Skala i okrucieństwo rosyjskich zbrodni wojennych dokonanych na ukraińskich cywilach, odkrytych po wycofaniu się armii Putina z podkijowskich miejscowości Irpień czy Bucza, powinny być momentem przełomowym tej strasznej wojny. Okazało się, że wojska rosyjskie zastosowały całą paletę wojennych okropieństw, które znamy z II wojny światowej, z Czeczenii czy Syrii. Polakom te wydarzenia przypominają przez model egzekucji zbrodnię w Katyniu. Tortury, gwałty, egzekucje cywilów, coś, co w XXI w. miało się już nigdy w Europie nie zdarzyć. Wstrząsające zdjęcia masowych grobów czy ulic pełnych trupów przypadkowych przechodniów przejdą do historii zbrodni ludobójstwa, bez względu na to, jak zostaną zakwalifikowane przez międzynarodowe trybunały.

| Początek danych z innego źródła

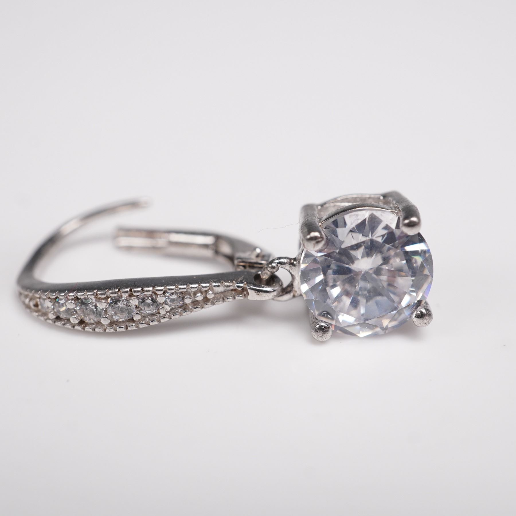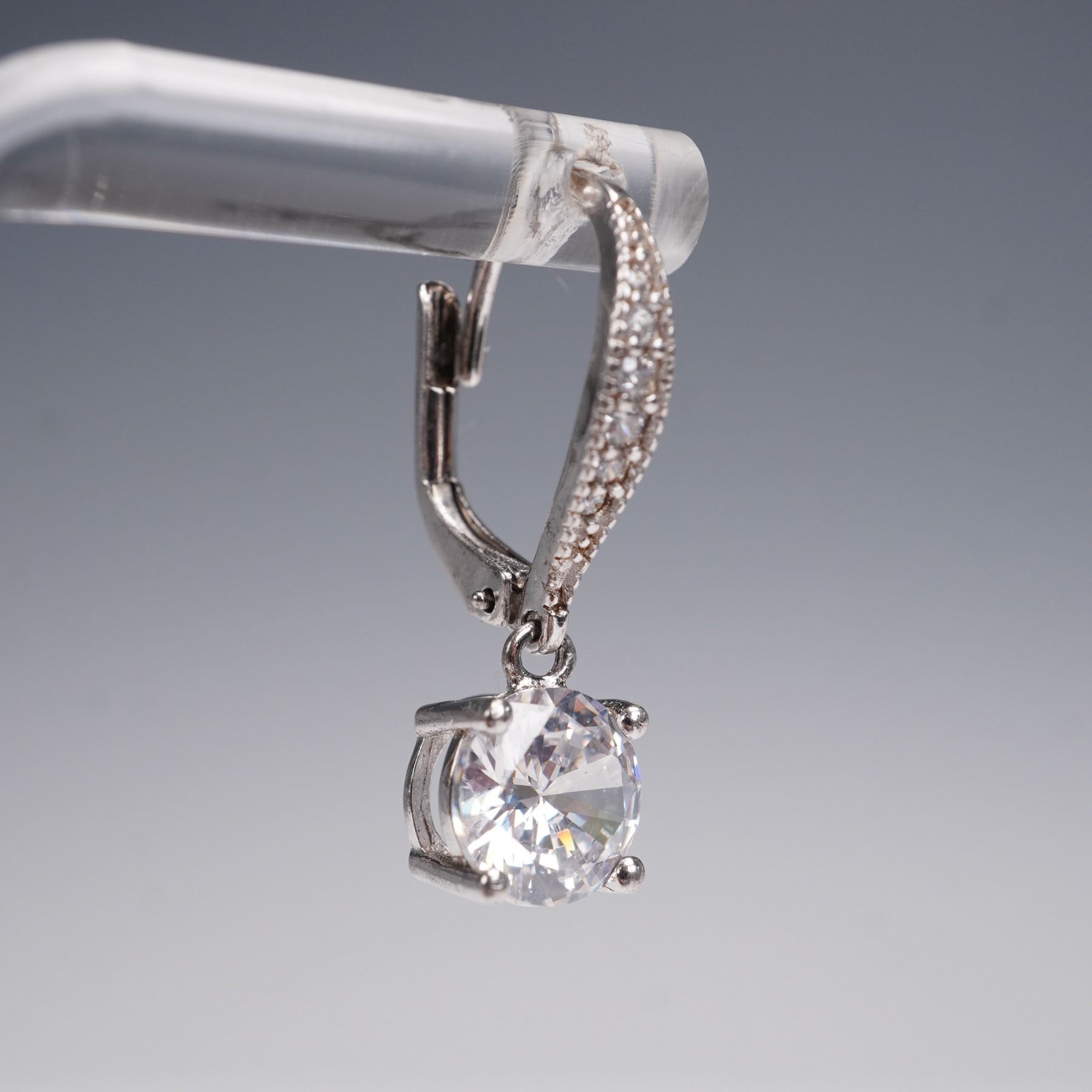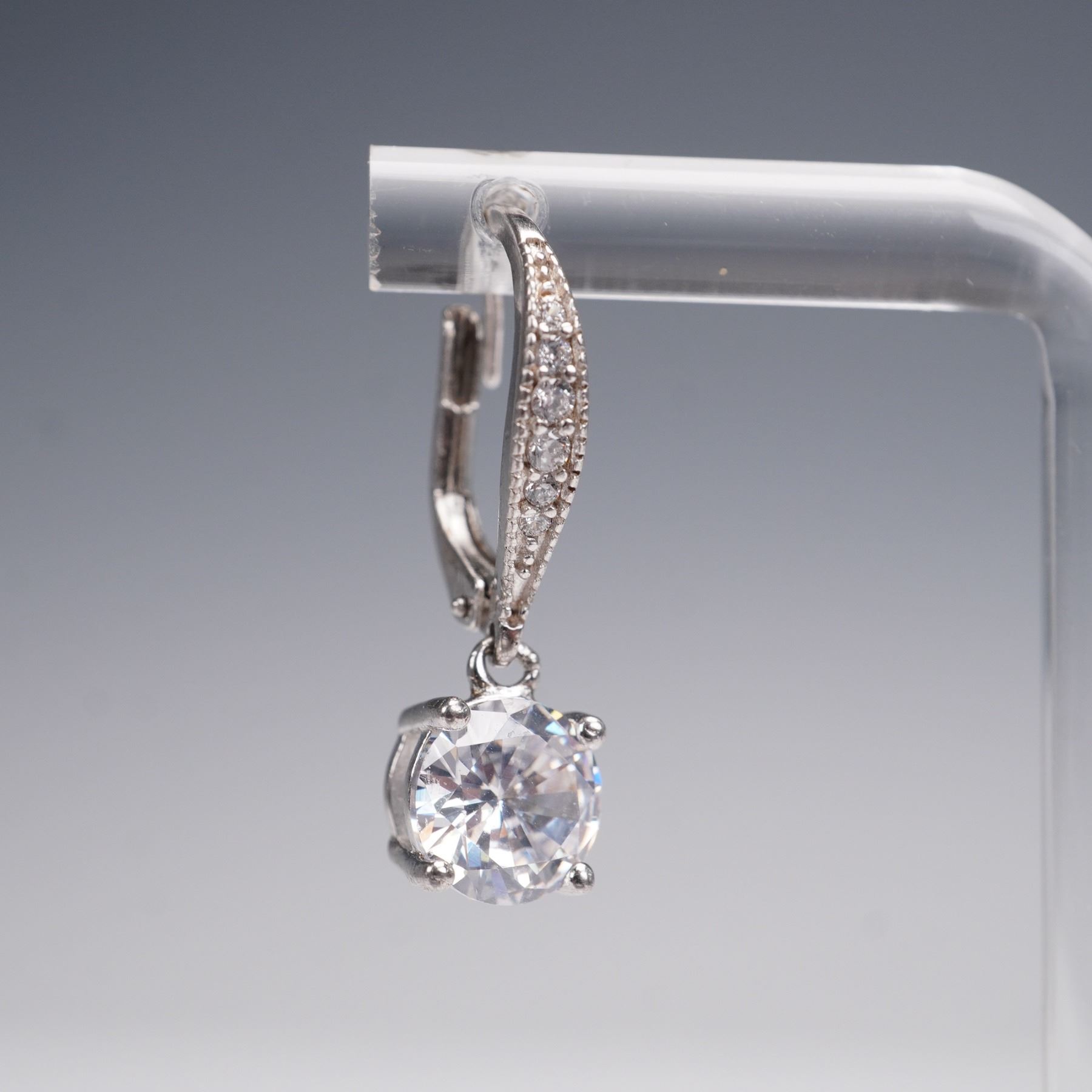 Elegant sterling silver drop earrings featuring large round faceted clear stones in prong settings, accented with smaller stones along the leverback closures. Marked 925 and IBB, a recognized international jewelry maker known for fine silver craftsmanship. Weight: 3g.

Ujawnione okrucieństwo pokazuje po pierwsze więc logikę tej strasznej wojny, w której armia jednego kraju podbija terytorium sąsiada i dokonuje zbrodni na cywilach. To nie żadna specjalna operacja, to nie denazyfikacja czy chęć demilitaryzacji Ukrainy. To brutalna napastnicza wojna, której celem jest pobicie, upokorzenie, podporządkowanie sobie przemocą kraju, który nie chciał się podporządkować politycznie. Nikt już nie będzie się mógł dłużej oszukiwać, że to Zachód sprowokował Putina, że nie trzeba było mamić Ukrainy członkostwem w NATO, co sprawiło, że Moskwa poczuła się zagrożona. Nie, to imperialistyczna wojna napastnicza, a nie żadna samoobrona. Doskonale wiemy, co się działo ponad osiemdziesiąt lat temu w Katyniu, i dzięki temu rozumiemy, jaki jest cel Rosjan wyłapujących urzędników, nauczycieli zabijanych strzałem w tył głowy.
Ale to też akt oskarżenia dla całego Zachodu, który już znudził się wojną. Przecież gdzieniegdzie, w niektórych europejskich stolicach, dał się słyszeć głos, że może by ta wojna ucichła, a wówczas będziemy mogli wrócić do swoich spraw. Że już nałożyliśmy sporo sankcji, więc trzeba poczekać, aż zadziałają. Że wciąż trzeba dzwonić do Putina i prosić, by przestał, by nie kazał nam płacić za gaz w rublach. Zachodni świat niech patrzy na zdjęcia z Buczy i Irpienia i niech gryzie go sumienie, że tej wojnie nie potrafił zapobiec, że dopuścił do tego, że historia się powtórzyła. Te zdjęcia zarazem kompromitują wszystkich, którzy zachęcali do tego, by Putina zrozumieć, którzy mówili o wyrozumiałości, że Rosja jest inna, że rządzi się swoimi prawami. Nie, to nie są żadne prawa. Bestialstwo, które dzieje się raptem nieco ponad siedemset kilometrów od granic Warszawy, nie może zostać w żaden sposób usprawiedliwione. A zachodni politycy, którzy uwielbiają rozprawiać o wartościach, powinni wreszcie przejść od słów do czynów.
Ale te okrucieństwa pokazują też, że Ukraina nie może się poddać, nie może zaakceptować jakiegoś zawieszenia broni, pokoju w zamian za ustąpienie trochę terytorium Rosji. Bo już wiemy, co się będzie działo z mieszkańcami każdej ukraińskiej wsi, miasteczka czy miasta, które pozostanie pod rosyjską okupacją. Zachód powinien się dziś raczej zastanowić nad tym, jak rozliczyć te zbrodnie.